Certes, les innombrables amours de la reine Marguerite et ceux du grand Alcandre, racontés très-sommairement, comme nous avons essayé de le faire, forment l’épisode le plus curieux et le plus caractéristique de l’histoire de la Prostitution à la fin du seizième siècle.
CHAPITRE XXXIX.
Sommaire.—Les annales de la cour sous Henri III et Henri IV.—La belle Châteauneuf.—Le souper des trois rois chez Nantouillet.—Le mariage de la maîtresse du roi.—L’assassinat de madame de Villequier par son mari.—Indignes violences de Henri III et de ses mignons.—La comédie du Paradis d’amour.—Bibliothèque de madame de Montpensier.—Manifeste des dames de la cour.—Les filles d’honneur de la reine.—La Malherbe et le seigneur de la Loue.—La Sagonne et le baron de Termes.—Indulgence de Henri IV.—Commencements de la belle galanterie.—Conséquences du luxe.—Le mouchoir de 19,000 écus.—La tapisserie.—Les mystères des dieux.

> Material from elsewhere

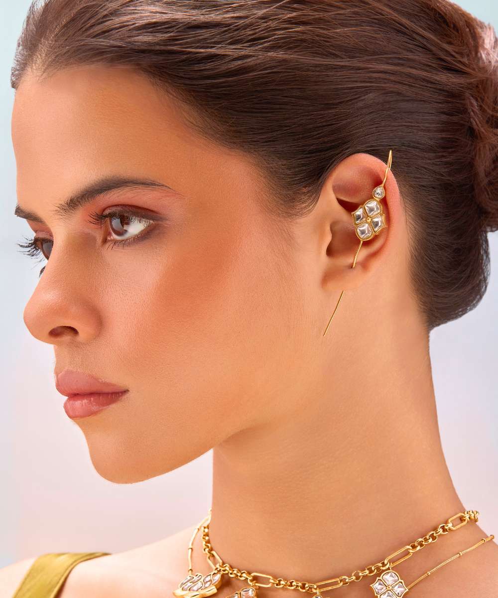 Add a spark of tradition with a twist! The Noor Polki Earcuff wraps your ear in dazzling Polki stones, offering classic charm with a modern edge. Perfect for those who love to play with style and stand out, this earcuff adds a unique shine without the need for piercings. Let your ears do the talking and shine bright wherever you go!

Dulaure remarque avec raison, dans son Histoire de Paris (édit. in-12, t. IV, p. 492), que les scènes de luxure décrites complaisamment par Brantôme pour représenter l’état des mœurs de la cour «ressemblent à celles que pourraient offrir les annales d’un lieu de débauche;» mais Brantôme, qui vécut jusqu’en 1614, avait quitté la cour en 1582, par suite d’un dépit de courtisan, pour se retirer dans ses terres, où il écrivit ses mémoires, qui ne nous sont pas tous parvenus. Sa nièce, madame de Duretal, prit soin de brûler les plus scandaleux, et l’on peut juger ce qu’ils étaient par ceux qui nous restent. Brantôme n’a donc pu voir par ses propres yeux la fin du règne de Henri III ni tout le règne de Henri IV; il ne savait ce qui se passait au Louvre, que par les correspondances des amis qu’il y avait laissés, et il s’est abstenu de recueillir, d’après leur témoignage plus ou moins partial, tous les faits dont il ne fut pas témoin et garant. Ainsi, ne pouvons-nous pas lui demander des renseignements sur l’histoire de la Prostitution à la cour de Henri III et de Henri IV. Brantôme, si on le juge par quelques pages où il se montre l’implacable ennemi des débauches italiennes, gémissait sans doute de l’aberration honteuse, dans laquelle était tombé le dernier des Valois, entouré de vils mignons; il croyait que, sous l’influence de ces horreurs étrangères, le joli train de la cour de France avait cessé, et que l’amour des dames, tant recommandé par les traditions françaises, n’existait plus que chez de vieux courtisans et d’incorruptibles gentilshommes. Il ne faut pas supposer, néanmoins, que l’abominable secte des mignons et des hermaphrodites eût détruit toute honnête galanterie, et que les dames fussent devenues à la cour de Henri III neutres ou indifférentes dans une question où elles avaient toujours été les premières intéressées. Il faut même dire, pour l’honneur des mignons, qu’ils n’étaient pas si négligents du beau sexe, qu’on pourrait le penser à cause de leur vilaine réputation. Henri III avait eu des maîtresses, ses favoris en avaient également, et plusieurs d’entre eux qui périrent de mort tragique ne purent en accuser que les femmes.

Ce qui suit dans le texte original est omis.